Ascertaining where you fit in the mix of your clients’ advisor stables is a good first step. Close to 60 percent of high-net-worth clients concentrate over half of their investments with a primary advisor, according to a survey conducted last year by the Institute for Private Investors (IPI).  Additionally, private investors have on average two to five advisor relationships.  They keep multiple relationships to help diversify risk, to ensure they’re staying on top of the latest thinking as a check to the services provided by their primary advisor and for niche services.

The next step is to understand how existing and potential clients approach hiring, vetting, monitoring and working with advisors.  Below is a fly-on-the-wall vantage point of what the ultra-affluent think about working with advisors.

Six Best-Practice Tips

Here are tips from affluent family members:

  1. “When hiring an advisor, ask multiple questions to a number of different advisors and then go back to ensure everyone has been asked the same thing.  This will provide solid grounding on the differences between providers whether you choose to make a hire or not.”

As an advisor, this means you should be prepared to answer all questions and to be aware of the fact that you may be compared to other types of providers, as well as similar ones.  Be able to articulate your core strengths and what differentiates you from direct competitors and other types of providers.  Be specific as to how you execute services, but also provide your general philosophy and approach to working with families of affluence.  Remember, the affluent use a number of advisors.  Find out what services they feel they view as core to determine where you fit and where they seek niche specialists.

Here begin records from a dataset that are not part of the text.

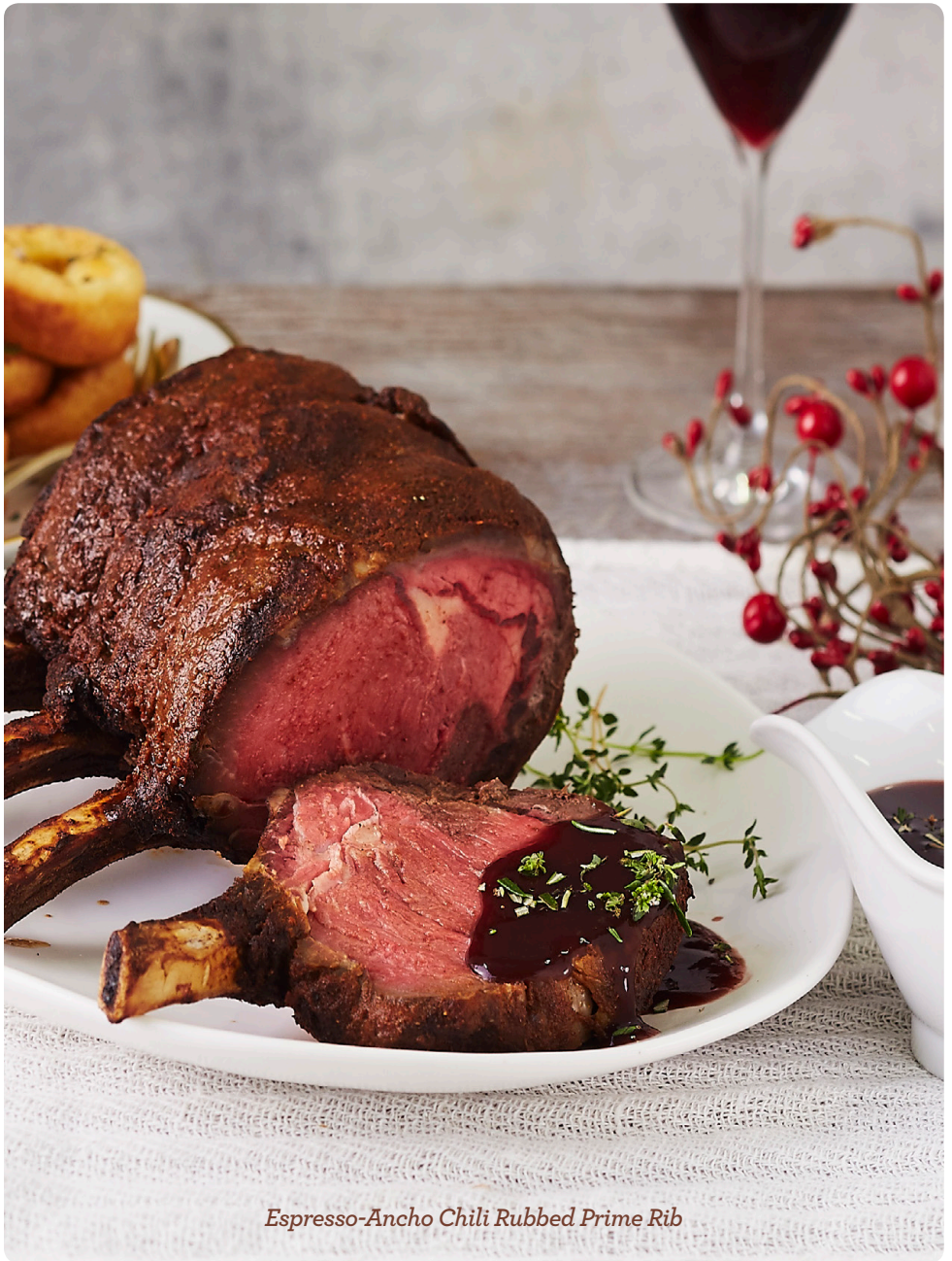
Espresso-Ancho Chili Rubbed Prime Rib
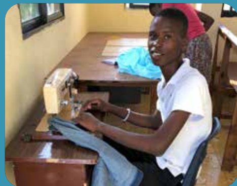
Teens sew clothing and masks

teens participated in training programs to equip them with skills for independent living
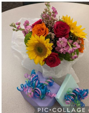
Grace Hall ready for the Lydia & Martha Circle September Meeting
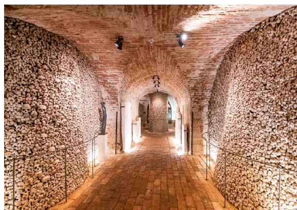
St. James' Church Ossuary— Brno, Czech Republic

Day 6 (Saturday) – Kyjov – Lednice, Czech Republic Accommodation
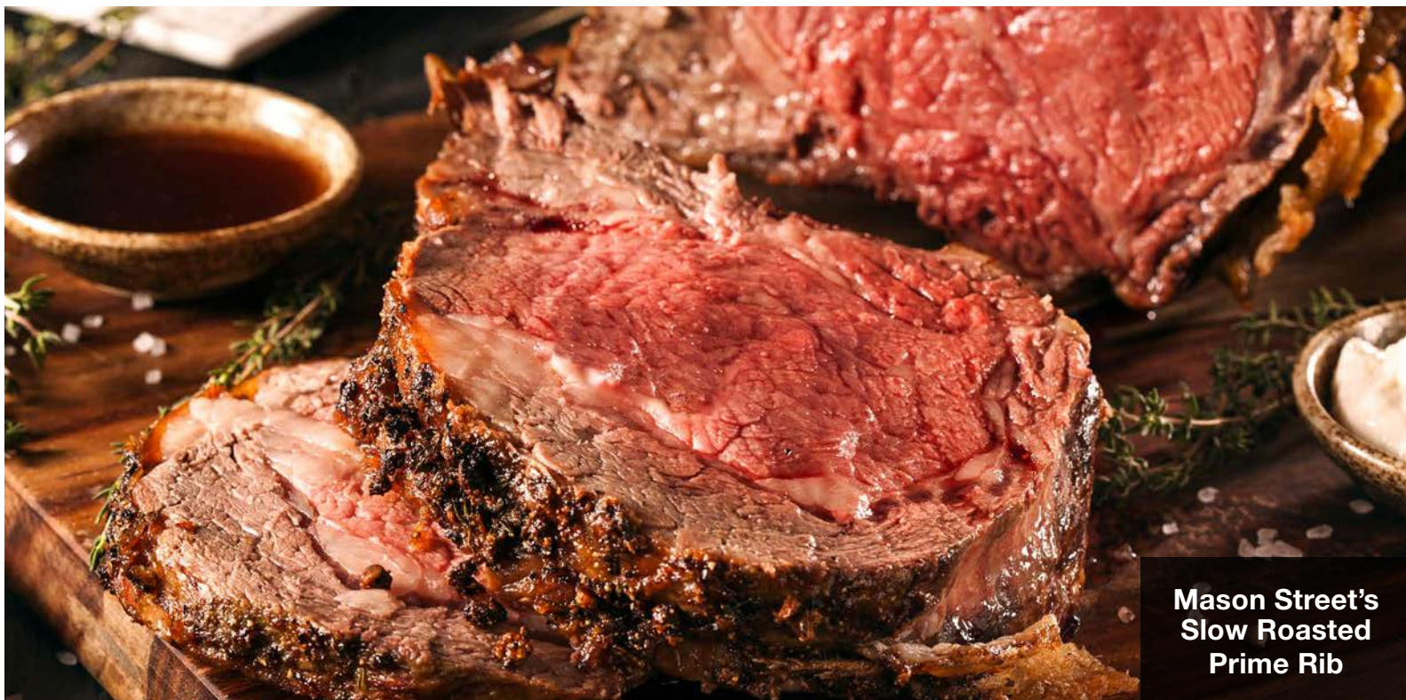
Mason Street's Slow Roasted Prime Rib

Flour tortilla stuffed with beef, beans, cheeses, rice, lettuce and tomatoes, rolled up and topped off with sour cream and salsa.
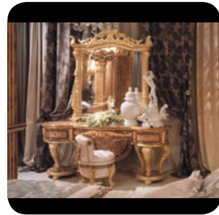
ART. GP. 220 TOILETTE CM 196 X 62 X H. 81
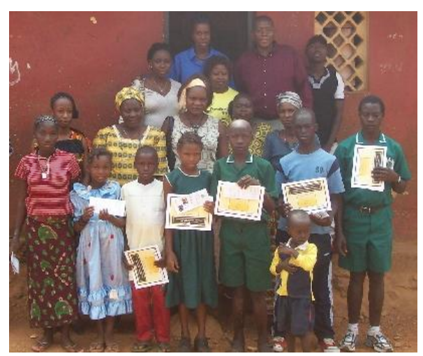
Scholarship Recipients at Award Ceremony
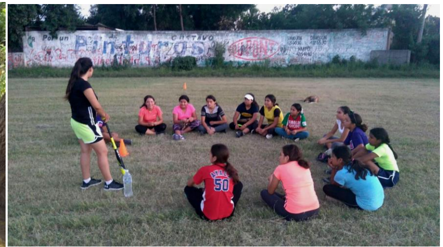
Sesiones iniciales de entrenamiento con equipo de softball femenino de San Ignacio Cohuirimpo, Navajoa. 2017
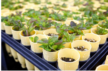
Blue violets sit on pallets to be delivered to Big Creek from the Coffee Creek Correctional Facility.

“This is a project I’m extremely proud of,” he said.
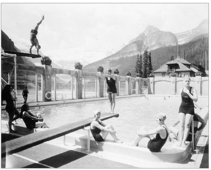
FIG. 5. CHÂTEAU LAKE LOUISE'S SWIMMING POOL, THE SECOND LARGEST POOL IN CANADA AT TIME OF CONSTRUCTION. INSTALLED IN 1926, PHOTO C. 1930. | CANADA DEPARTMENT OF INTERIOR, LIBRARY AND ARCHIVES CANADA, C-029447.

public cleanliness and rowdy conduct remained primary concerns. The second was associated with "swimming" facilities and health clubs, which were made available to the middle classes in the form of paid-admission pools like those at the YMCA. The latter sought to emulate the attitudes of the upper classes, who were, in turn, beginning to adopt the idea of pools as leisure spaces, with private pools being installed in the homes of the wealthy as early as 1895.<sup>23</sup>
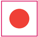
Made in Japan
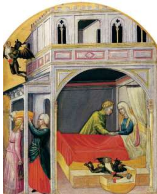
Figure 5 The Devil steals a baby and leaves a changeling. Martino di Bartolomeo (early 15th century)

Some scholars have suggested that changelings may have been used as a way to explain autistic children, especially since the changes can come on quickly. When a child's behavior and verbal skills rapidly declined or changed, it was blamed upon the doings of the changeling.
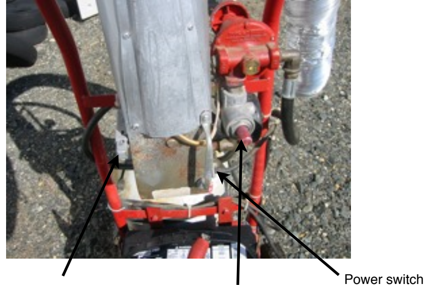
Press the igniter (left) and the fuel supply button (right)
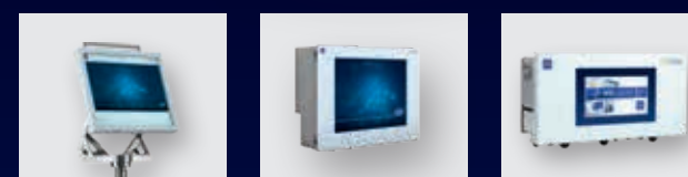
Operator station SHARK
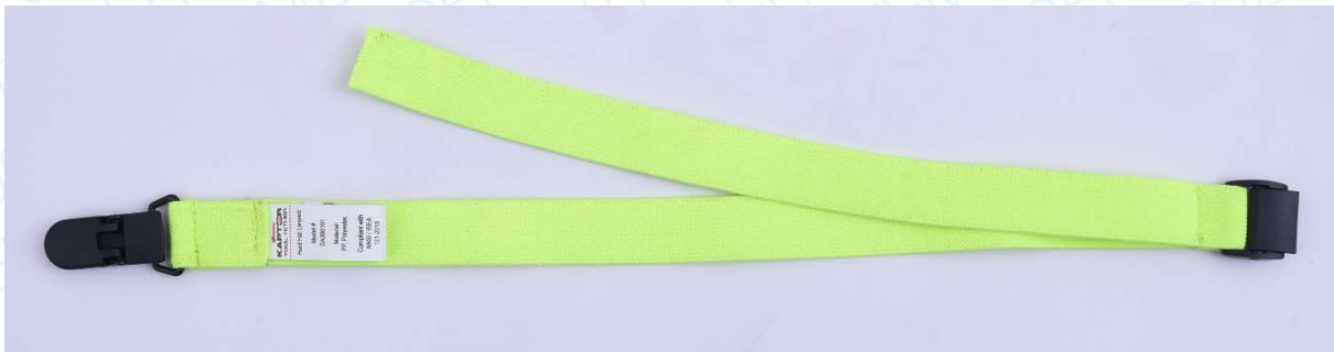
Figure 1 – Tool tether described as “DA300101”
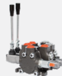
Manual modular spool valves

Pressure and temperature control: pressure gauges, protectors, thermostats, pressure switches, pressure transducers, digital thermometers.
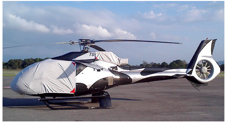
Bubble Cover and Intake/Exhaust Cover
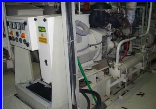
TYPE -PERKINS, IN LINE T/C,SR.NO.- ABU621103L, POWER-70.5 KW, 1500RPM, 4 CYLINDERS,, AC GENERATOR
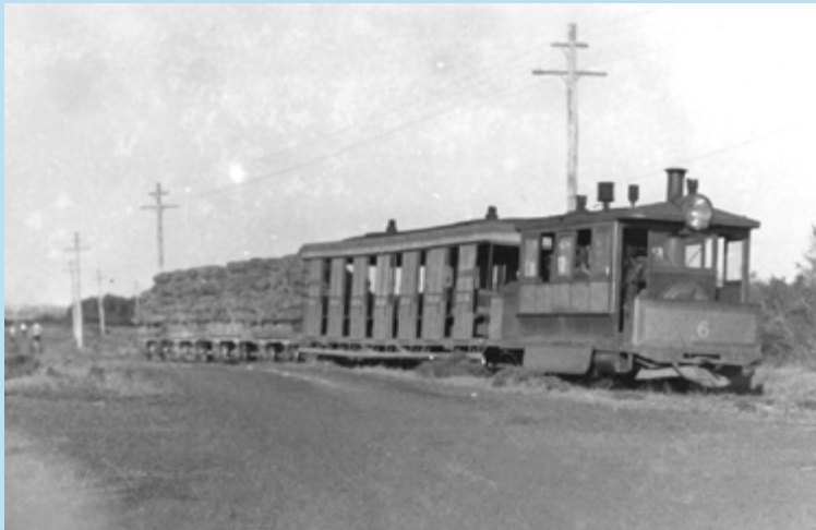
Grand Avenue, Camellia, c. 1930: a steam tram with one passenger car and four goods wagons headed for Parramatta, loaded with bagged linseed for Meggitt's Linseed Oil Factory, established in Parramatta in 1908.

“The old Parramatta Park to Redbank Wharf tramway [which operated from 1883-1943] ran down George Street through the Camellia district. People living along the route used to give their weekly grocery orders to the tram conductor!”

  1. “Think about hiring your own advisor as opposed to using only those others in your family have hired and are using.”

As family members gain greater responsibility over their wealth, it’s only natural that they may want to add an additional advisor to their family’s advisor group.  Sometimes this is done as a preliminary move toward shifting the wealth under their control to the new advisor.  Other times it’s not. If you haven’t already established a relationship with the wealth holder, it’s highly likely the time has past.  But if you do have a relationship, continue to nurture it.  Try not to take the move personally and be as helpful to the new advisor and the family member as possible.

  1. “Remember and remind your advisors that the account is yours, not theirs.”
  2. “Ask questions and ensure they’re answered.  Challenge your advisors.”

Points three and four sharply underscore that advisors too often discount their clients’ views or arent attentive in soliciting information from them or in providing real answers to questions. No question should ever be sidestepped or pushed aside no matter how busy you may be or how simple or irrelevant you find the inquiry to be. If youre not being fully attentive to your clients or dismissive in some manner, your behavior is being dually noted, discussed with others and remembered.

Take Responsibility

  1. “Don’t abdicate responsibilities or give away your power to an advisor.  Get involved, understand issues and watch your advisors.”

Post the Great Recession, it became ever more clear that investors need to take responsibility for their wealth. While they dont necessarily need to understand their wealth plan on a micro level, they do need to know what their advisors do and have increasingly sought discretion. According to the 2012 Both Sides Now survey conducted by the IPI, only 32 percent of clients with under $50 million in investable assets were comfortable giving their managers full discretion to make changes as they see fit. That number dropped as assets increased.

  1. “Have your advisors present information consistently and in a digestible executive summary.  You can always go back for a deeper dive.”

Here lies an opportunity.  Clients want to understand their wealth plans, but that doesn’t mean they need a novel or a massive book of numbers presented to them each quarter.  What they want is an easy and consistent report that allows them to see how they’re doing and compare apples to apples each time.  Anything of note should be highlighted with clear guidelines for what a material event might be.  Full details should also be available and a clear manner in which to follow up questions would be considered highly helpful.